Assigned task
Copy the listing below letter for letter, passing over each picture.

Given data
◆ ◆ ◆ ◆
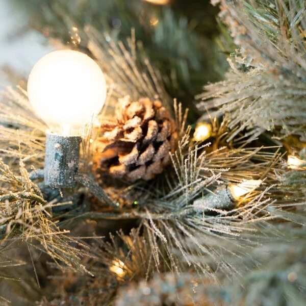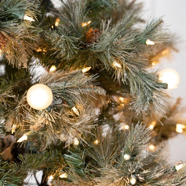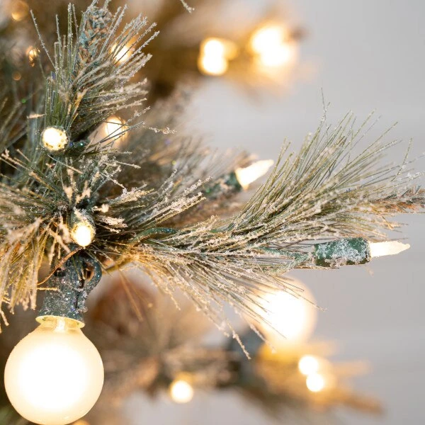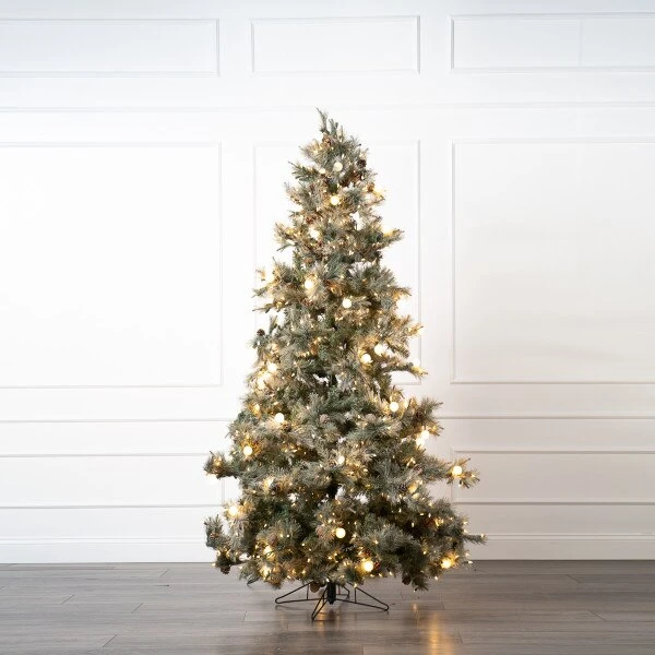 This beautiful flocked tree is 7.5 feet tall, has 850 warm white LED lights, 1,438 tips, and a 59″ diameter.
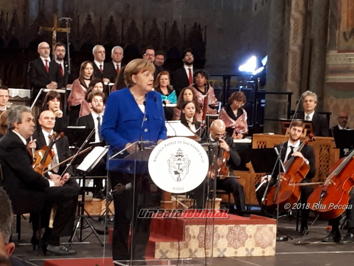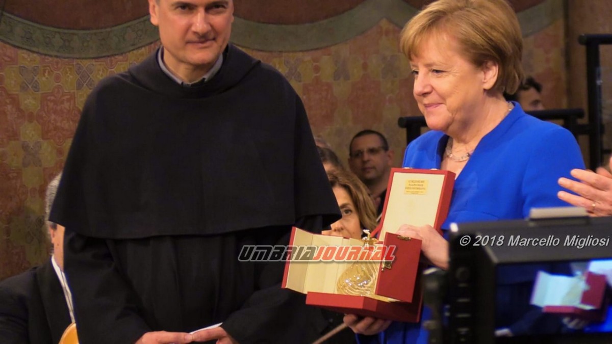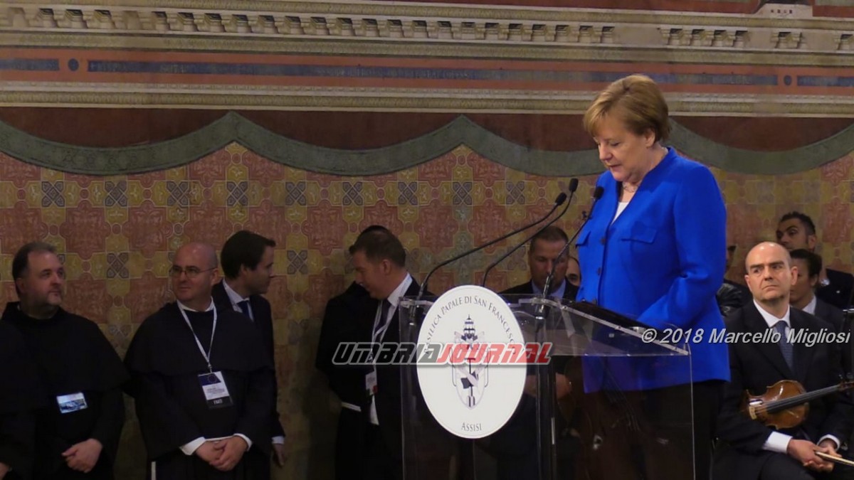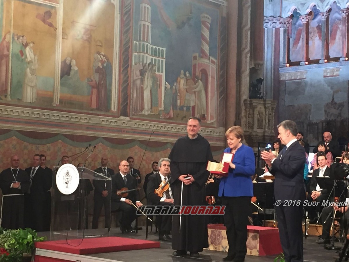 Angela Merkel riceve la lampada della pace, donata dai frati di Assisi
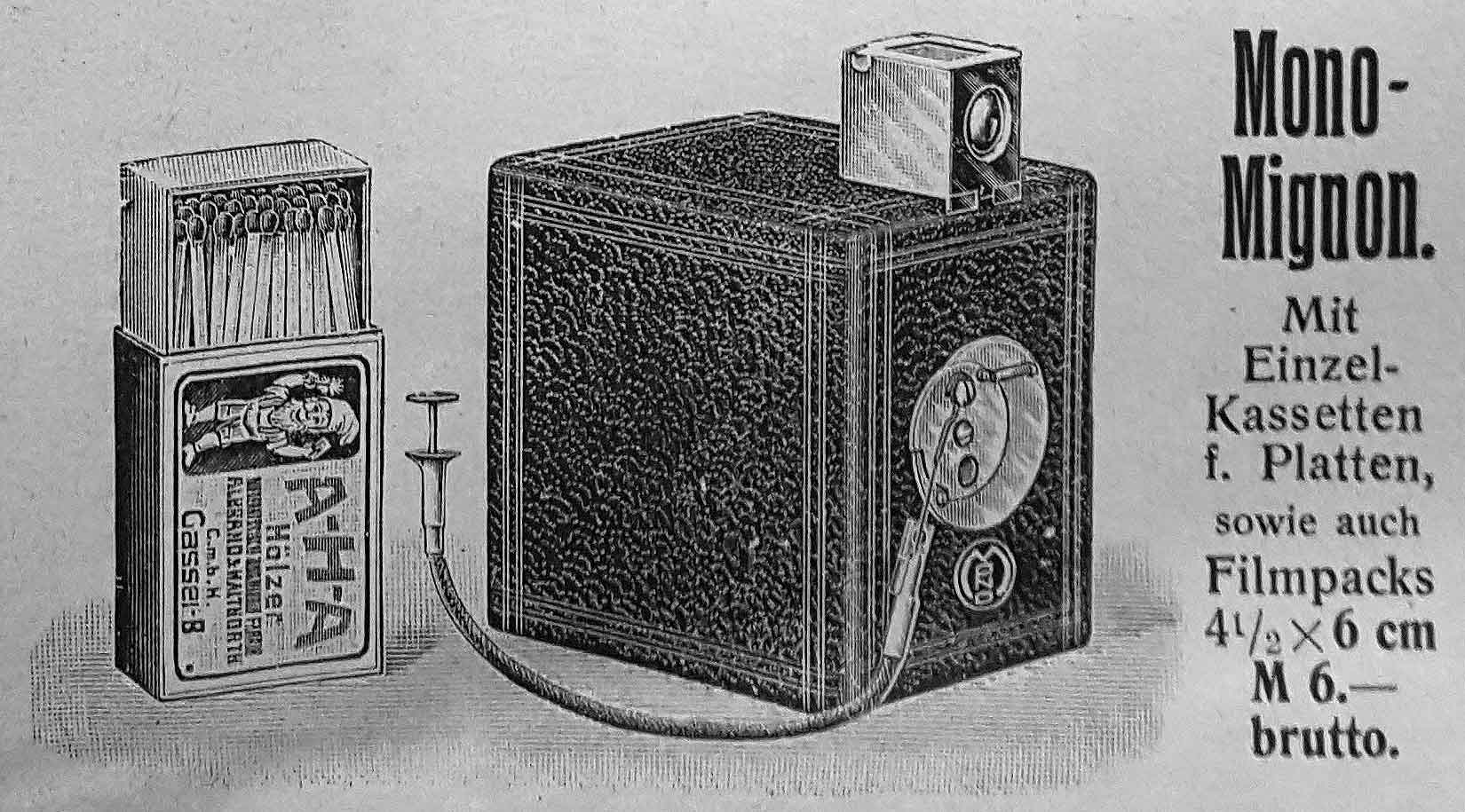 Ich habe auch mal gesucht, ob ich etwas finde, was die Kamera in Richtung Mono-Werk einordnen lässt, aber nichts wirklich Passendes gefunden. In der Zeitschrift ‚Die Photographische Industrie‘ von 1914 findet sich folgende Anzeige vom Mono-Werk:
◆ ◆ ◆ ◆
Your solution
 This beautiful flocked tree is 7.5 feet tall, has 850 warm white LED lights, 1,438 tips, and a 59″ diameter.
 Angela Merkel riceve la lampada della pace, donata dai frati di Assisi
 Ich habe auch mal gesucht, ob ich etwas finde, was die Kamera in Richtung Mono-Werk einordnen lässt, aber nichts wirklich Passendes gefunden. In der Zeitschrift ‚Die Photographische Industrie‘ von 1914 findet sich folgende Anzeige vom Mono-Werk:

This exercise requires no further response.